Rick Barnes brought Dalton Knecht to Tennessee for offense, but he couldn’t do it alone in the Elite Eight
By Josh Yourish
Defense has never been the issue for a Rick Barnes-coached team, but for years, with Texas and Tennessee, Barnes has struggled to get enough scoring in March. It’s the biggest reason he hasn’t been back to the Final Four since taking the Longhorns there in 2003. It’s something he tried to solve by adding Dalton Knecht through the transfer portal, but even with 37 points on 14-31 shooting from the Naismith Player of the Year Finalist, the Volunteers failed to reach 70 points in the 72-66 Elite Eight loss to Purdue.
Knecht’s teammates went just 10-31 from the field and no other Volunteer scored in double-digits.
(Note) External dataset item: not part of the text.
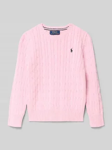 Sweter dziecięcy od Polo Ralph Lauren Teens;Efekt: jednolity kolor/z fakturą;Dopasowanie: Regular Fit;Wzór: Ścieg warkoczowy;Aplikacja: Wyhaftowane logo;Kształt kołnierza:

It wasn’t Barnes’s plan to become one-dimensional on the offensive end, but as Purdue head coach Matt Painter put it, it’s not a bad idea to give a player like that the ball.
“I thought it's smart on their part. Someone got a hot hand, go to him. Why not? If you had to pick someone off their team that you want to get shots for, he'd be the one,” Painter said postgame, praising his counterpart’s in-game decision-making. “Then when you look back on things, you're like this guy took the most shots, this guy took the most shots. They needed a little more balance, but at the end of the day, when something's not working, why not stay with it? I thought it made sense to stay with him and keep going.”
From the outside, it’s easy to say that a more balanced attack could have kept Tennessee’s season alive, but without Knecht’s effort and Tennessee's willingness to feed its best player, it could have been even worse. Shots weren’t falling for the rest of the team and when that’s the case, well, Knecht came from Northern Colorado to Knoxville for a reason.
“We go into games looking for balance, but if guys aren’t getting it done, we have a guy that we can rely on,” Barnes told reporters postgame. “Do you want that? We really don’t, but when he gets it going, we want him to do what he does and our players understand that.”
The transfer portal can be a great thing, it can add a missing piece like Knecht that can propel a team to the Elite Eight, but continuity, in many cases, is even better. Purdue has built its team around Edey for four years, Knecht only became the centerpiece of Tennessee mid-way through this season.
Edey had it going just as well as Knecht did, finishing with 40 points. Though Purdue rarely seemed one-dimensional. Fletcher Loyer added 14 points, though he needed 12 shots to do it, and Braden Smith finished with nine points, seven assists, and seven rebounds. The team that has been together for two years knew how to respond when its best player took over the game, they knew what he needed, how to get shots, and most importantly how to get him the ball, Tennessee did not.
“All the baskets we got and all the looks we got, we knew how they were going to come. We knew how they were going to get kicked out to us or on the break going and getting them,” Loyer said postgame. “Everything we've seen, it's a credit to our coaches showing us the film, showing us where we're going to get our baskets, and having us prepare and be ready for it.”
Tennessee on the other hand, looked to Knecht to solve all its problems on the offensive end, and in a head-to-head contest with the two-time National Player of the Year, that’s a lot to ask.
Dalton Knecht was incredible in the Elite Eight, he was everything Rick Barnes hoped he’d be and more. The rest of Barnes’s group, the players who have been in Knoxville for four and five years at least on the offensive end, weren’t enough. Matt Painter has seen this exact problem before and the good news is he has a solution.
“We don't need to change everything. But we do need to make some subtle changes,” Painter said of his group’s past tournament disappointments. Later adding, “We've played more offensive guys. We have more skill that is out there.”
Multiple times in the postgame, Painter talked about how he has prioritized getting more skilled players on the floor, and the addition of Knecht has signaled a shift in that direction for Barnes as well. However, as Barnes learned in the most painful possible way, it takes more than just one.